World Series of Poker
- Bracelet: None
- Final table: 1
- Money finishes: 10
- Highest WSOP Main Event finish: 13th, 2005

World Poker Tour
- Money finishes: 5

= Bernard Lee (poker player) =

American poker player (born 1970)

Bernard Lee (born May 16, 1970) is a professional poker player who first came to prominence by finishing 13th in the 2005 World Series of Poker (WSOP) Main Event. Since then, Lee has enjoyed some success in other poker tournaments. In October 2008, Lee won the $600 No-Limit Hold’em Shoot-out event at the World Poker Finals.
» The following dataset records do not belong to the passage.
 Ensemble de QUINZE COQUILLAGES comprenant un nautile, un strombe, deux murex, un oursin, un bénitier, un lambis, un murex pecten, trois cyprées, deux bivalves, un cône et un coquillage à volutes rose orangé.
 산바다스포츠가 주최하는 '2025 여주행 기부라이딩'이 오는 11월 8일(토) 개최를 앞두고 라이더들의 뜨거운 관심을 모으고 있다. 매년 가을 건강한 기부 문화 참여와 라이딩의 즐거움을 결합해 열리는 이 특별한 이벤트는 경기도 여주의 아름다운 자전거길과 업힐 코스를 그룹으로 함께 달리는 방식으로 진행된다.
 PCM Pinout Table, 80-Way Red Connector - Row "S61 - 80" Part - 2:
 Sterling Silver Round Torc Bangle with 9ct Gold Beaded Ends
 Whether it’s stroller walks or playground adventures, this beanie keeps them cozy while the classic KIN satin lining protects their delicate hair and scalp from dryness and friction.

This victory earned him three titles in three consecutive years as he won the $5,000 No-Limit Hold’em event at the 2006 World Poker Finals and the $2,000 No-Limit Hold’em event at the 2007 World Poker Finals.
As of 2012, his live tournament winnings exceed $1,900,000.

==Media personality==
Since September 2005, Lee has written the Sunday poker column for the Boston Herald. In April 2006, Lee joined the ESPN.com Poker website as a regular columnist. In July 2008, Lee released his first book, The Final Table, Volume I, which is a compilation of his Boston Herald columns. Based on the first book's success, Lee released his second book, The Final Table, Volume II, in December 2008. He has also been a guest columnist for several magazines.
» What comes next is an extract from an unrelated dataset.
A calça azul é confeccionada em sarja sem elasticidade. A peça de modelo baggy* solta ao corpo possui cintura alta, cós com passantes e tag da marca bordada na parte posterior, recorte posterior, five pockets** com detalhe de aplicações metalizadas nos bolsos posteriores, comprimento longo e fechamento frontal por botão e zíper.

Debuting in May 2007, Lee hosts a poker radio show in the Boston metropolitan area and on the online poker radio station Rounder's Radio. "The Bernard Lee Poker Show" incorporates interviews with poker guests including well known players and prominent industry personnel. In addition to current poker news and related information, Lee utilizes calls and e-mails from listeners to discuss poker topics and tips. Previous guests have included Pius Heinz, Jonathan Duhamel, Joe Cada, Peter Eastgate, Joseph Hachem, Greg Raymer, Chris Moneymaker, Daniel Negreanu, Phil Hellmuth, Mike Matusow, Norman Chad, Mike Sexton, Linda Johnson, JC Tran, Jonathan Little, Annie Duke, Dennis Phillips and members of the 2008, 2009, 2010 and 2011 November Nine. Over the past few years, Lee has commentated for www.worldseriesofpoker.com, ESPN360.com and the Eastern Poker Tour Championship Tournament

In November 2008, Cardplayer.com stated “While many people might think of Dan Harrington and his green Red Sox hat when they think of poker and Boston, it is really Lee who is the voice of poker in New England.”
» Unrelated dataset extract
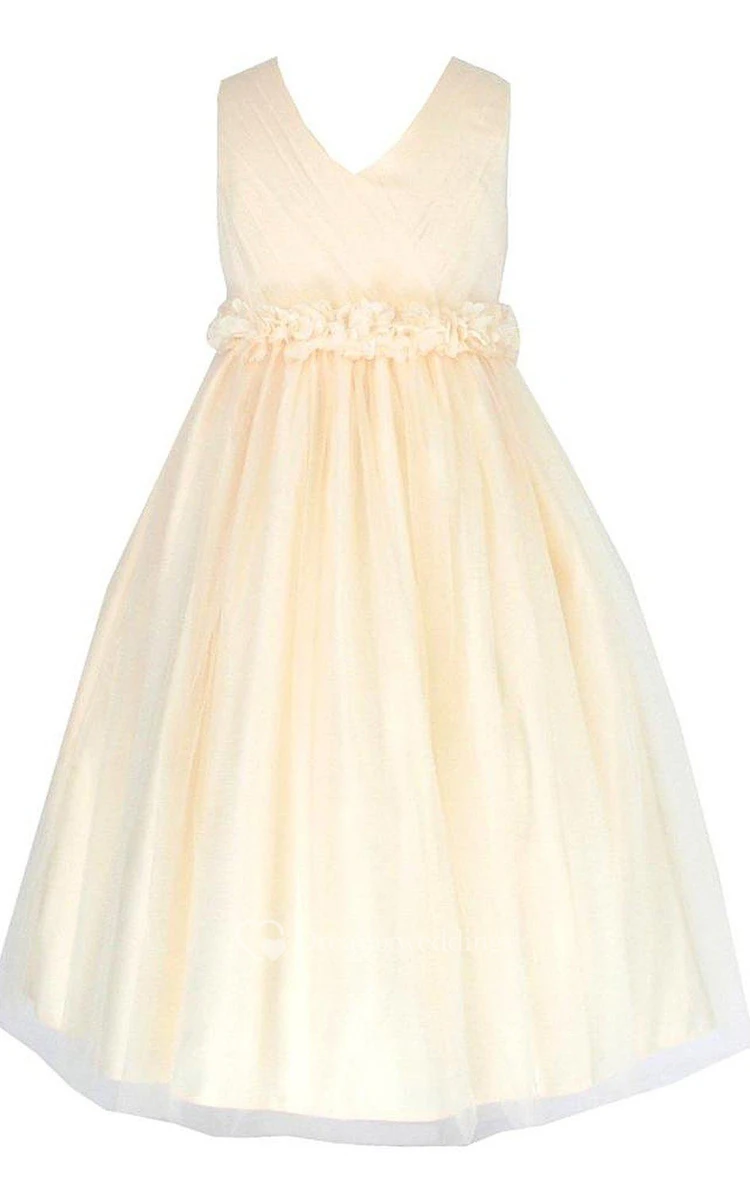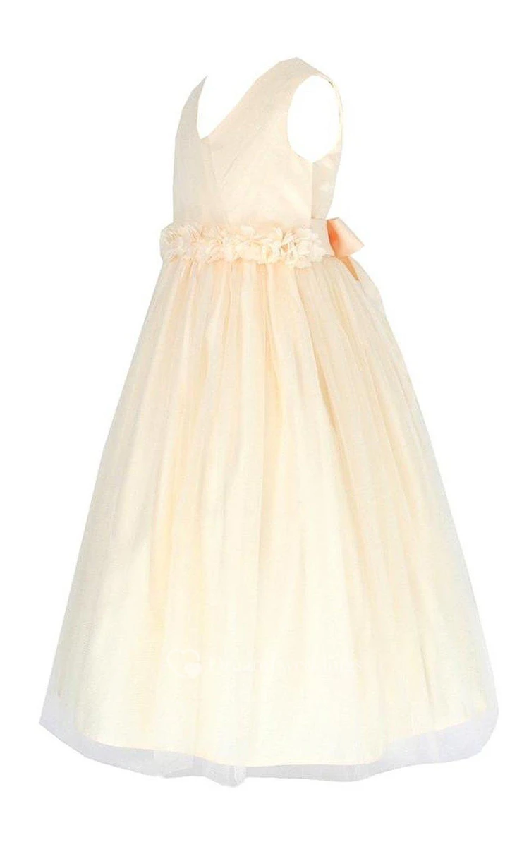 Sleeveless V-neck A-line Pleated Dress With Bow

In March 2008, Lee was the co-commentator, alongside legendary sports announcer Howard David, for the live coverage of the WSOP Circuit Main Event in Atlantic City seen on www.worldseriesofpoker.com. Since May 2008, Lee is the lead commentator for the Eastern Poker Tour Championship Tournament seen in New England on Comcast Sports Net. In June 2008, Lee was the co-commentator for the live coverage of the WSOP $5,000 preliminary no-limit hold ‘em events in Las Vegas. In June 2009, Lee was the lead commentator for the live coverage on ESPN360.com for the WSOP $10,000 world championship limit hold ‘em event in Las Vegas. In November 2010, Lee also was a guest commentator for live coverage on ESPN360.com for the WSOP main event final table.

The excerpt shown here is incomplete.